1943 – Allied air forces raided Rome during World War II.
1969 – Apollo 11 and its astronauts, Neil Armstrong, Edwin “Buzz” Aldrin and Michael Collins, went into orbit around the moon.
1979 – The Nicaraguan capital of Managua fell to Sandinista guerrillas, two days after President Anastasio Somoza fled the country.
1980 – The Moscow Summer Olympics began; dozens of nations boycotted the games because of Soviet military intervention in Afghanistan.
1985 – Christa McAuliffe of New Hampshire was chosen to be the first schoolteacher to ride aboard the space shuttle. (She died in the Challenger explosion in 1986.)
1989 – A United Air Lines DC-10 crashed while making an emergency landing at Sioux City, Iowa, killing 112 people; 184 survived.

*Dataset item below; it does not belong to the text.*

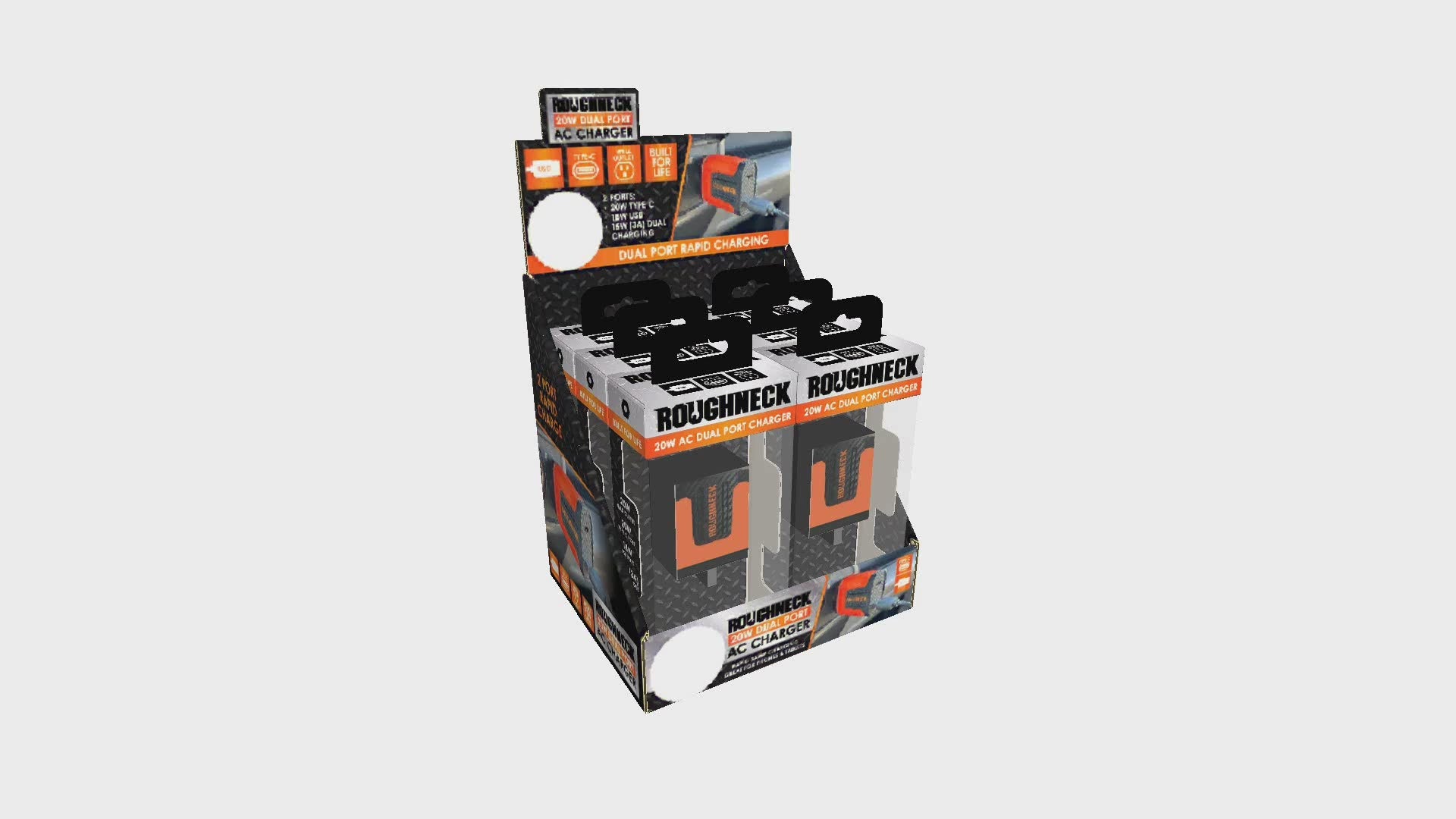 Charges two(2) devices at once – Roughneck AC wall charger features heavy duty construction. USB-C and USB ports; 20W if using USB-C port only; 18W if using USB port only; 15W (3A) total if using both ports simultaneously.

1990 – Baseball’s all-time hits leader Pete Rose was sentenced in Cincinnati to five months in prison for tax evasion.
2005 – President George W. Bush announced his choice of federal appeals court judge John Roberts to replace Supreme Court Justice Sandra Day O’Connor.
2006 – President George W. Bush issued his first presidential veto, rejecting a bill that could have multiplied federal money for embryonic stem cell research.